Robert Calderbank (born 28 December 1954) is a professor of Computer Science, Electrical Engineering, and Mathematics and director of the Information Initiative at Duke University.[1] He received a BSc from Warwick University in 1975, an MSc from Oxford in 1976, and a PhD from Caltech in 1980, all in mathematics. He joined Bell Labs in 1980, and retired from AT&T Labs in 2003 as Vice President for Research and Internet and network systems.

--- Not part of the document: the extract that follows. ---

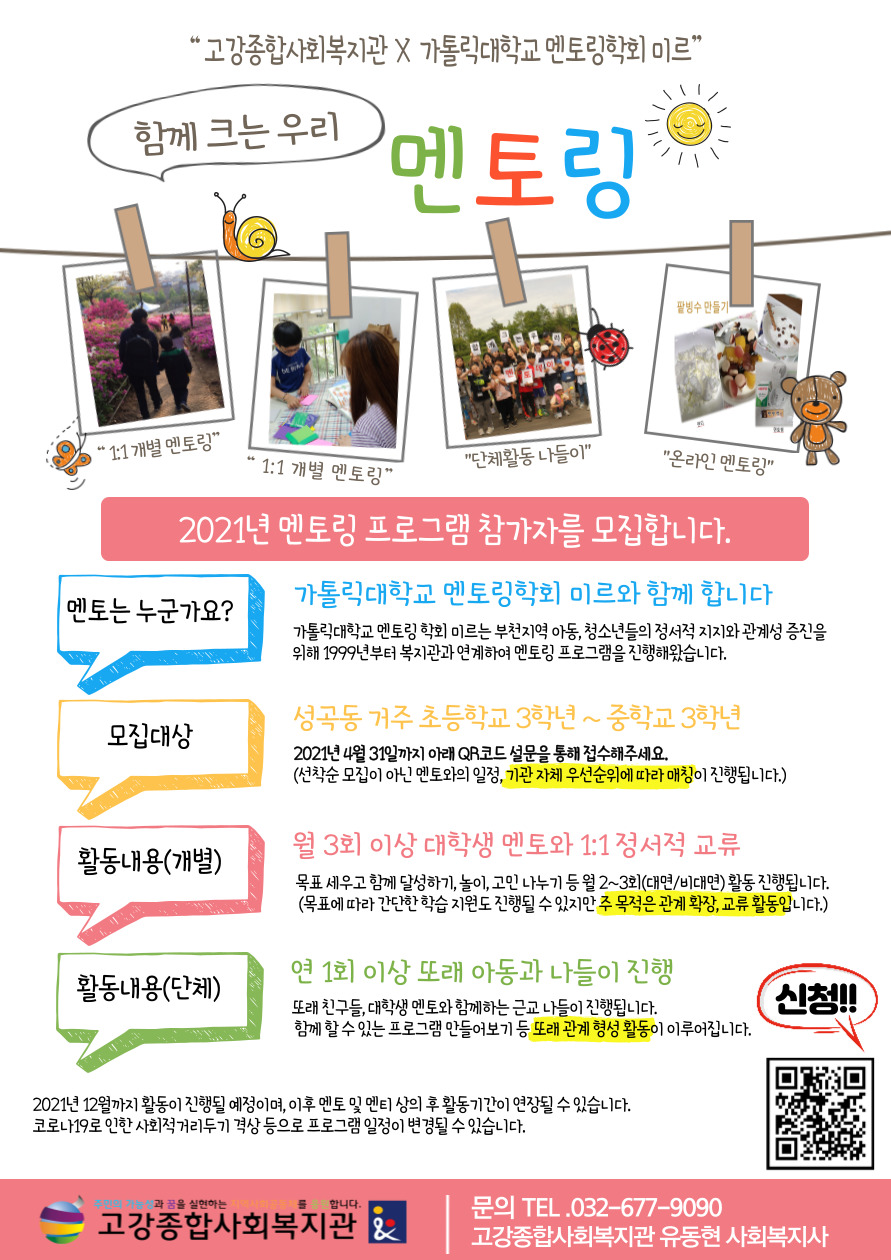 고강종합사회복지관은 지역에 살고 있는 아동·청소년들이 자신을 표현할 수 있는 사람, 타인과 관계를 맺을 수 있는 사람, 다름을 이해할 수 있는 사람으로 성장하는 것을 목적으로 멘토링 프로그램을 운영하고 있습니다.

He then went to Princeton as a professor of Electrical Engineering, Mathematics and Applied and Computational Mathematics, before moving to Duke in 2010 to become Dean of Natural Sciences.[2]

His contributions to coding and information theory won the IEEE Information Theory Society Paper Award in 1995 and 1999.[3]

He was elected as a member into the US National Academy of Engineering in 2005 for leadership in communications research, from advances in algebraic coding theory to signal processing for wire-line and wireless modems.[4] He also became a fellow of the American Mathematical Society in 2012.[5]

Calderbank won the 2013 IEEE Richard W. Hamming Medal[6] and the 2015 Claude E. Shannon Award.

He was named a SIAM Fellow in the 2021 class of fellows, "for deep contributions to information theory".[7]